Kannel SMS Gateway on Debian 10 or 11
In this guide you’ll learn how to get a Kannel SMS gateway up and running on Debian Buster or Bullseye without wrestling with dependency hell. We’ll cover the quick‑start install, tweak the config for SMPP, expose the HTTP API, and show you a few troubleshooting tricks that have saved me from hours of head‑scratching.
Prerequisites
Before you dive in make sure your system is fresh:
- A non‑root user with sudo privileges.
- An internet connection for package downloads.
- If you’re on a VPS, open port 13000 (default HTTP API) and 2775 (SMPP).
You can check the kernel and Debian version with uname -r and lsb_release -a. Knowing whether you’re on Buster or Bullseye matters because the packaged Kannel version changes.
Installing the Package
sudo apt update sudo apt install kannel kannel-tools
kannel pulls in a minimal set of libraries; kannel-tools gives you handy utilities like sendsms. The Debian repo ships Kannel 1.3.8 on Buster and 1.4.x on Bullseye, which is perfectly fine for most use‑cases.
If your distribution’s package is too old (I had to compile 1.5.0 for a carrier that only accepted the newer SMPP spec), you can add bullseye-backports or build from source:
sudo apt install git build-essential libssl-dev libxml2-dev zlib1g-dev git clone https://github.com/boundlessgeo/kannel.git cd kannel make sudo make install
Configuring the Kannel SMS Gateway
Create a backup of the default config first:
sudo cp /etc/kannel/kannel.conf /etc/kannel/kannel.conf.orig
Open /etc/kannel/kannel.conf in your favorite editor. The file is long, but you only need to tweak a handful of lines.
1. Set a meaningful global section – name the gateway and enable debug logs:
[global] debug-level = 6 log-file = /var/log/kannel/kannel.log
2. Add an SMPP connection (smsc) – replace placeholders with your provider’s credentials:
[smsc] smsc-id = mycarrier host = smpp.mycarrier.com port = 2775 system-id = USER123 password = PASS456 type = smsc
3. Define an HTTP service (http-in) – this is how you’ll send SMS via REST:
[http-in] service-url = /sendsms handler-type = cgi-bin cgi-bin-path = /usr/local/bin/sendsms.cgi auth-secret = supersecret
Why each change matters:
- debug-level 6 prints everything; it’s invaluable when Kannel refuses to start.

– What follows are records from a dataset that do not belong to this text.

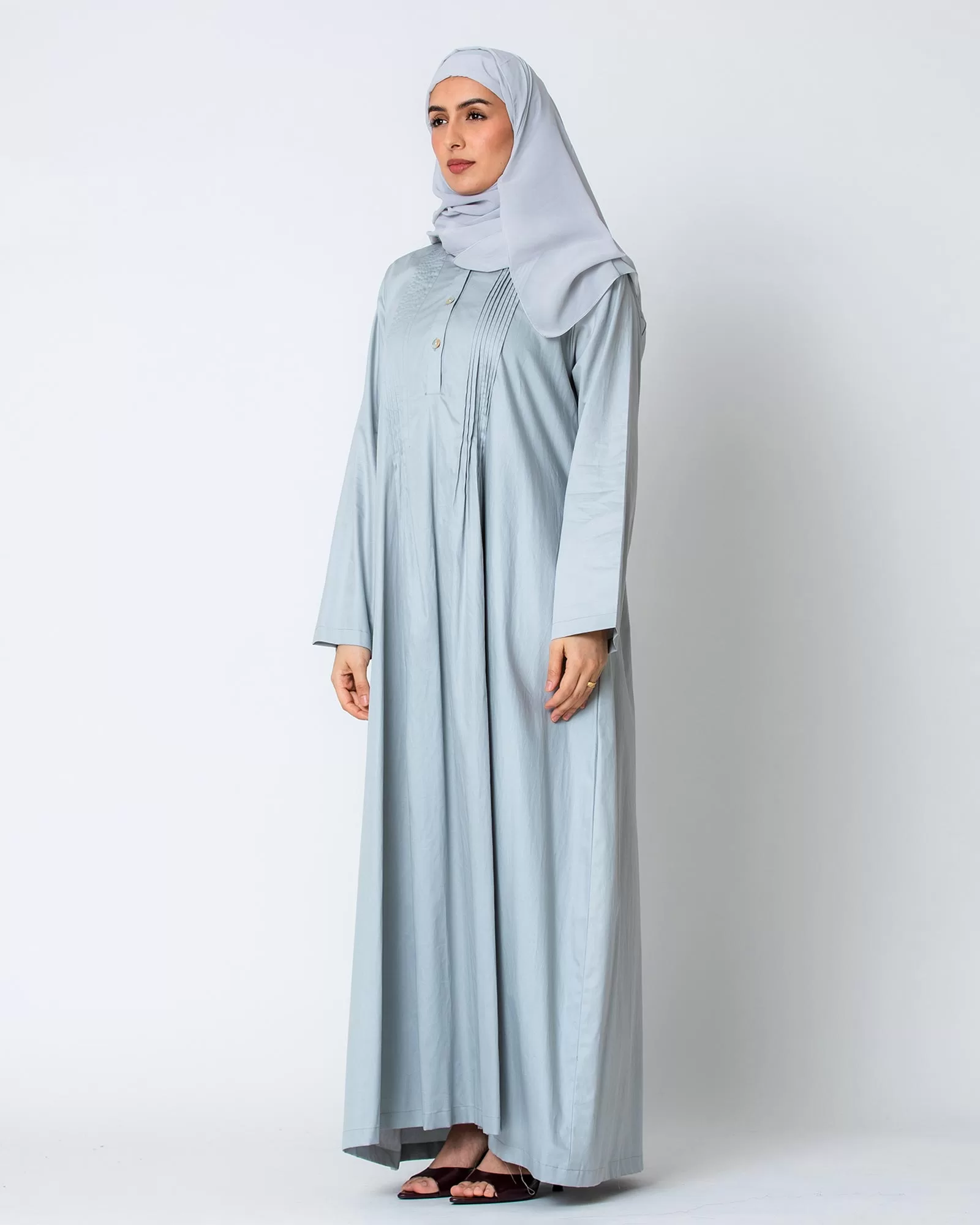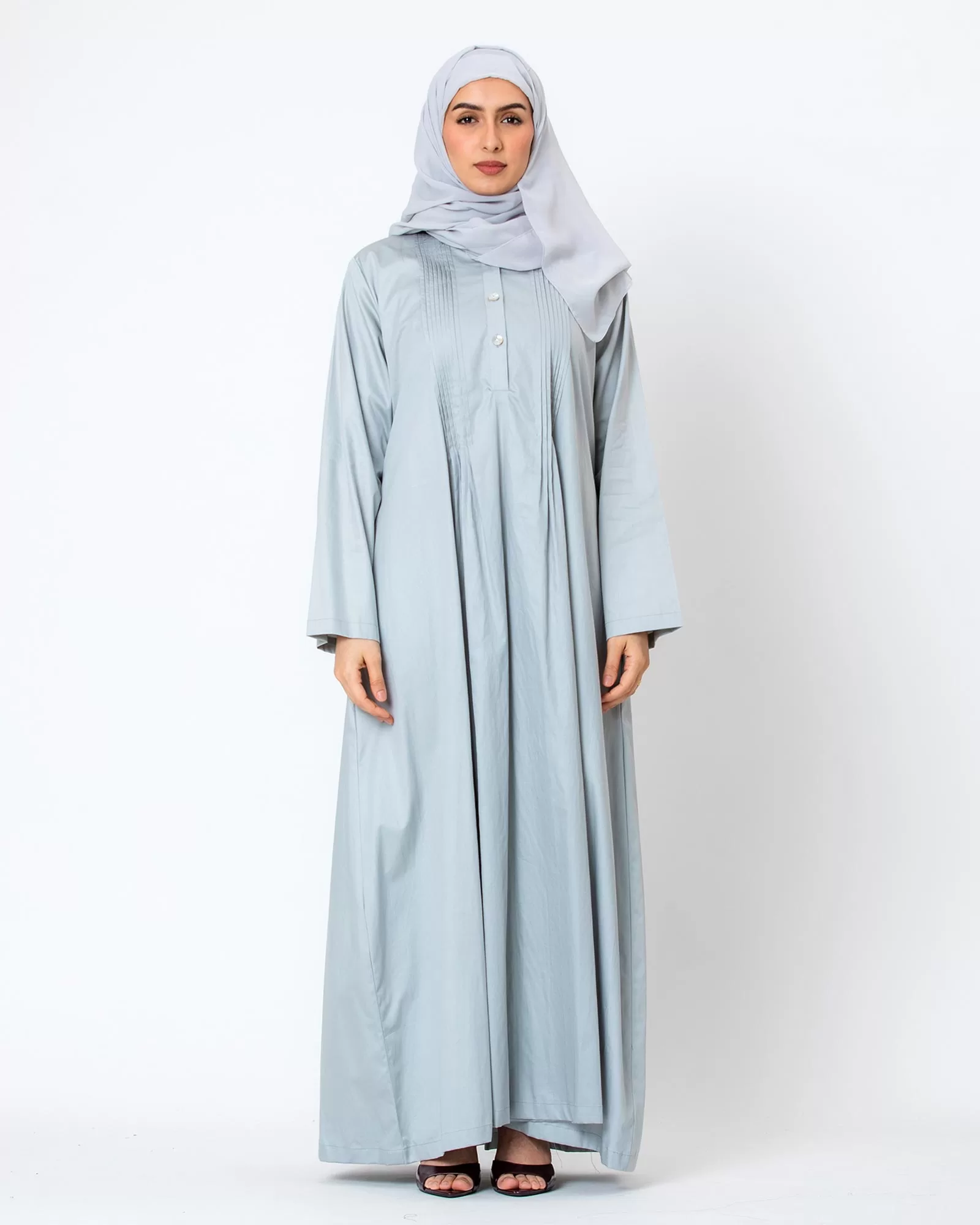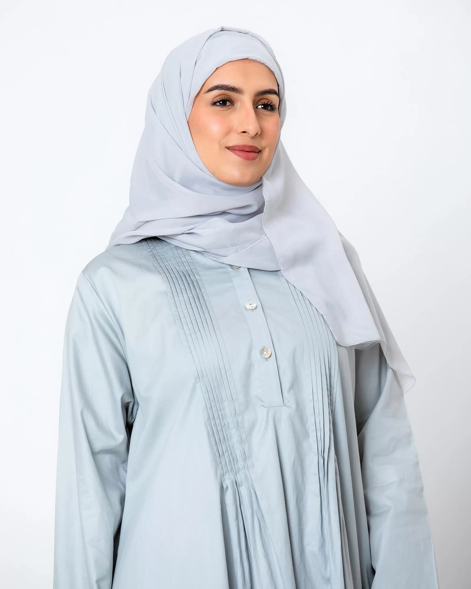 • Crafted from soft, breathable cotton fabric, the Blossom Hajj dress is ideal for sacred rituals, daily prayers, and modest everyday wear. With its A-line silhouette, pleated bodice, and front button fastening, it offers both comfort and structure. The mandarin collar adds a refined touch, while side pockets bring practicality to the design.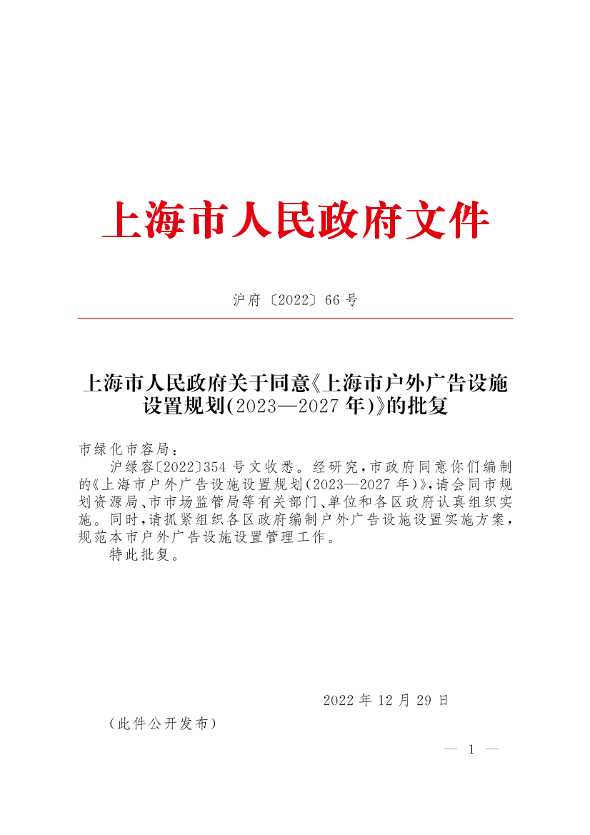 上海市人民政府關(guān)于同意《上海市戶外廣告設(shè)施設(shè)置規(guī)劃(2023—2027年)》的批復(fù)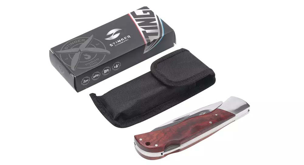 Нож складной Stinger, 104 мм длина лезвия, (серебристый), рукоять: сталь/дерево (серебристо-коричневый), картонная коробка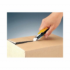 スプリングで刃が自動的に戻る、安心設計の開梱用カッター。別売りのフックS刃、オールメタルセーフティカッター替刃も装着可能です。刃は前後使えます。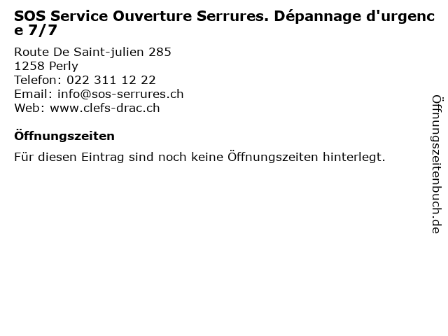 Branchen & Suchbegriffe zu SOS Service Ouverture Serrures. Dépannage d'urgence 7/7:7/7, d'urgence, dépannage, geschäft für tresore & safes, ouverture, serrures., service, sos, tankstelle mit abschleppdienst |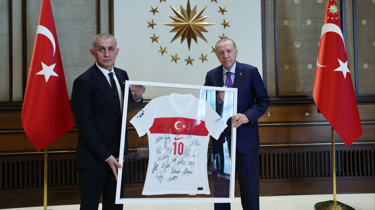 Kabulün sonunda TFF Başkanı Hacıosmanoğlu, Cumhurbaşkanı Recep Tayyip Erdoğan'a A Milli Futbol Takımı kaptanı Hakan Çalhanoğlu'nun 2024 Avrupa Futbol Şampiyonası'nda giydiği ve tüm takım tarafından imzalanmış birer A Millî Takım forması takdim etti.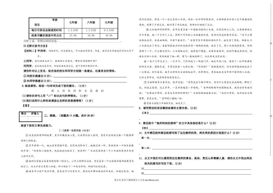 七年级期末质量评价语文试卷【注意事项】1.本试卷共三大题,考试时间为120分钟,试卷满分为100分。2.请用答题卡,在试卷或者草稿纸上答题无效,考试结束试卷及答题卡一并交回。题号一二三总分得分一、语文积累与...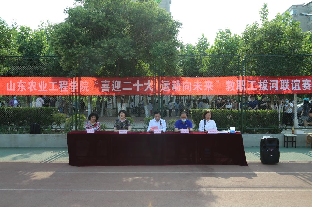 5月20日,必赢在济南校区体育场成功举办“喜迎二十大 运动向未来”教职工拔河联谊赛。校党委委员、副校长杨振宁,党委委员、党委组织部部长孙会海,党委委员、党委宣传部部长郑华美出席本次活动。来自机关处室和教学单位的14支代表队参加了此次比赛。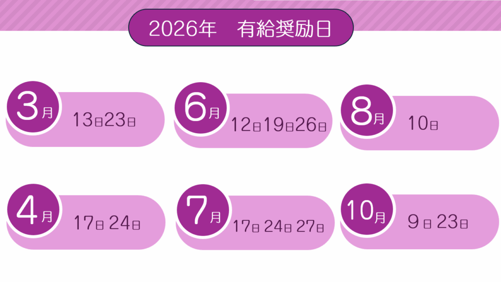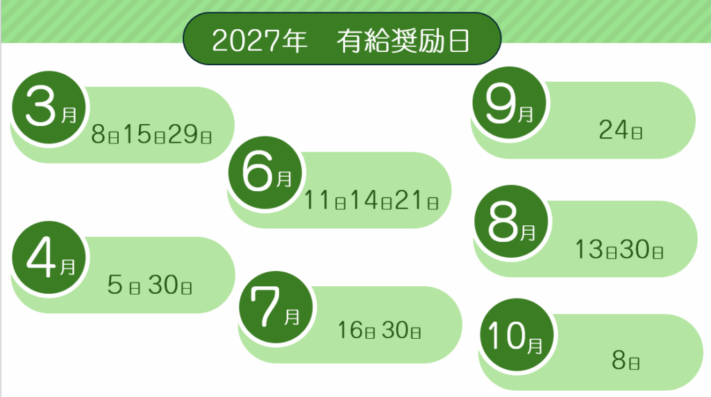 ■毎年11月頃に次年の有給奨励日を設定いたします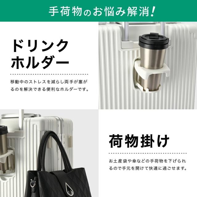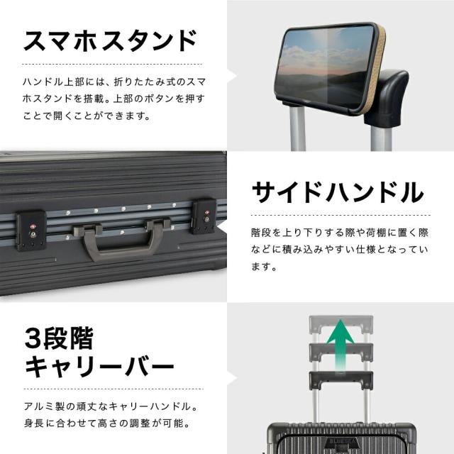 | スマホスタンド機能のついた、3段階伸縮のキャリーハンドル。 電車や飛行機などの移動中の動画視聴の際に、両手が開放されるのでリラックスできます。 キャリーハンドルのポール部分をはやや角型に設計する事で、円柱形状のものと比較して遊びが少ないのでブレにくく、折れにくい仕様となっております。 軽いアルミと堅いスチールの良いとこどり。支柱部分を軽量なアルミで、支柱収納部分を堅牢なスチールで作ったハンドルです。 稼働回数が多いので破損しやすいパーツですが、少しでも長くお使い頂けるようパーツを厳選しました。 |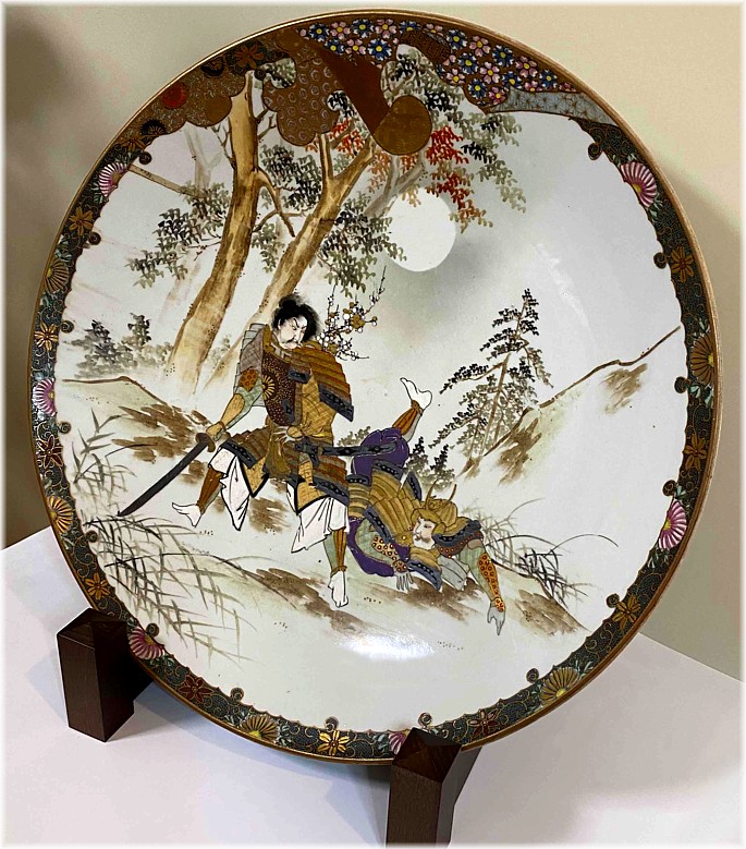 P-062 Антикварное большое интерьерное блюдо с авторской росписью на самурайскую тему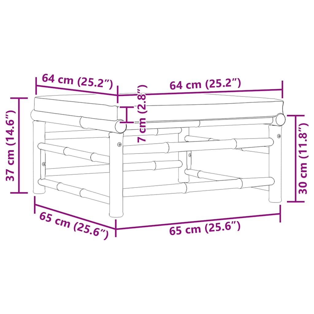 This garden footrest will make a great addition to your garden, terrace, or patio for chatting with family and friends or just enjoying the weather. This ottoman is made of bamboo, making it sturdy and easy to clean. The thickly padded cushion adds extra comfort to your lounging time. With a lightweight construction, the footrest is easy to move around. You can place it in any arrangement as per your preference, thanks to the modular design. Note: In order to extend the life of your outdoor furniture, we recommend you to clean it regularly and do not leave it outdoors without protection unnecessarily.Clean: Use a mild soap solutionStoring: If possible, store in a cool, dry place indoors. If the product is stored outdoors, protect it with a waterproof cover. Wipe and dry the excess water or snow from flat surfaces after a rain or snowfall. Allow sufficient air circulation to avoid moisture-related damage.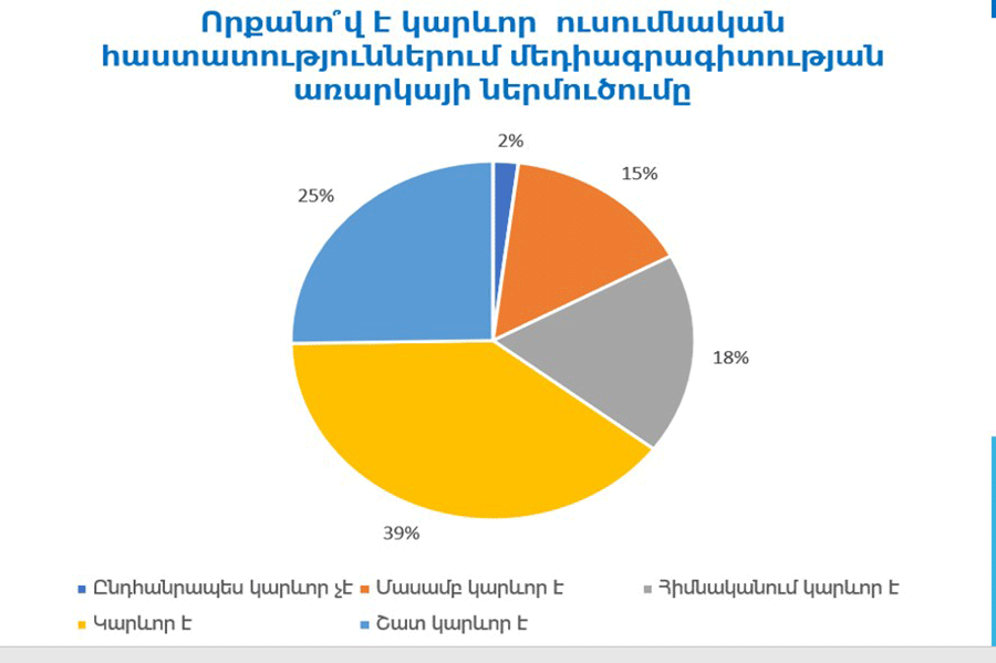 Իսկ մեդիագրագիտություն առարկայի ներմուծումը կրթական ծրագրեր ավելի արդյունավետ կլինի՞, որովհետև հարցման մասնակիցների մեծամասնությունը, կարծում է, որ կարիք չկա առանձին առարկա ներմուծել և ծանրաբեռնված ծրագրերն էլ ավելի չծանրաբեռնել, Սերոբ Խաչատրյանը պատասխանեց․ «Հանրակրթության պետական նոր չափորոշիչում ութ կարողունակություններից մեկը կոչվում է թվային և մեդիագրագիտության կարողունակություն, այսինքն՝ մեր նախարարությունն արդեն որպես կրթության վերջնարդյունք տեսնում է մեդիակարողունակությունը որպես համընդհանուր պահանջ բոլոր դպրոցներից։ Այնպես որ այդ ամենը տարալուծված է մի քանի առարկաների մեջ։ Դա լավագույն ձևն է, որովհետև այս պահին առանձին առարկա մտցնելու անհրաժեշտություն չկա»։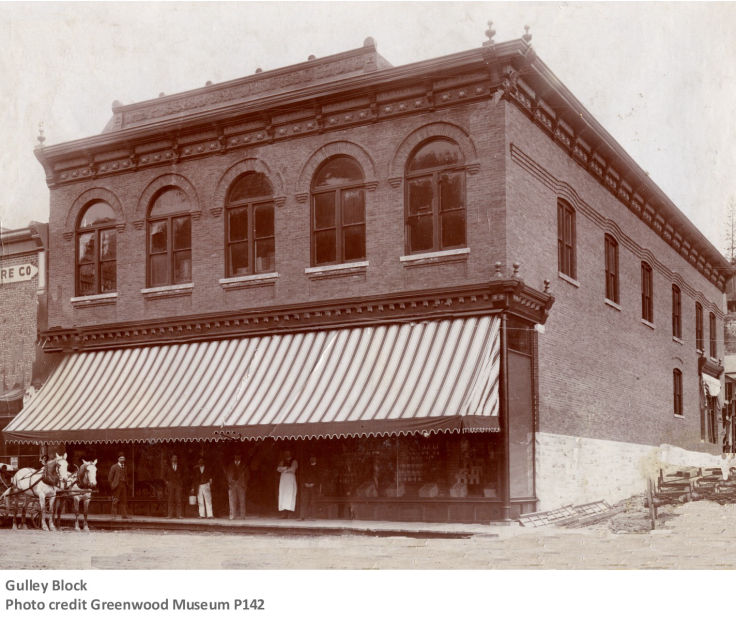 Building #10 – 201 South Government Street Circa 1897, the Wood Block (currently referred to as the Frazee Block) exemplifies others constructed in mining towns around the turn of the 19th century. After relocating from Hamill Block, Morellos Ervin Frazee was the first occupant, operating a grocery and bakery store. During World War II, it was converted into building #10 with laundry sinks on the first two floors and a bathhouse in the basement. It became home to 14 Nikkei families in 1942, some of whom are listed below.When the Greenwood original school was destroyed by fire on December 31, 1951, the Wood Block served as a temporary classroom.Today it is home to the Greenwood Volunteer Fire Department that had originally been constructed in 1898 and located on Long Street before being burnt down. Hamada, T.Isomura, MissKariya, E.MatsuiMiyashita, I.Murao, K.Nakamura, G.Shinde, K.Shoji, T.Yoshida, DenkiYoshida, T.

- The SMPP section tells Kannel where to hand off messages.
- The HTTP service exposes a clean endpoint that any script can hit.
Starting the Service
sudo systemctl daemon-reload sudo systemctl enable kannel sudo systemctl start kannel
Check the status:
systemctl status kannel
If you see “active (running)”, congratulations – Kannel is listening on port 13000 for HTTP requests and 2775 for SMPP.
Sending a Test SMS
With the HTTP API exposed, you can hit it from curl or any scripting language:
curl -k "https://localhost:13000/sendsms?username=admin&password=supersecret&to=15551234567&text=Hello%20World"
If everything is wired correctly, the carrier should receive “Hello World” within seconds. If you get an error like “Invalid authentication token”, double‑check auth-secret in the HTTP config.
Common Pitfalls & How I Fixed Them
I remember a week ago my Kannel instance would start, but no SMS went through. The culprit turned out to be a stray comma in the SMPP section of kannel.conf. Kannel silently logged “parse error” and dropped the connection.
1. Missing dependencies – Running apt install again after adding kannel-tools often fixes “sendsms: command not found”.
2. Firewall blocks – On many cloud hosts, you must open 13000/2775 in both inbound and outbound rules.
3. Permissions on /var/log/kannel/ – If logs aren’t writing, run sudo chown -R kannel:kannel /var/log/kannel.
4. Wrong SMPP version – Some carriers require v3.4; set smpp-version = 3_4 in the smsc section.
Going Further
If you need to route messages through multiple carriers or add advanced features like message queuing, look into Kannel’s smsbox and kqueue modules. They’re a bit more involved but give you full control over delivery status and retries.
For those who want isolation, running Kannel in Docker is straightforward:
docker run -d --name kannel \ -p 13000:13000 -p 2775:2775 \ -v /path/to/kannel.conf:/etc/kannel/kannel.conf \ boundlessgeo/kannel
Just replace the volume path with your actual config. Docker keeps the host untouched, which is handy for testing.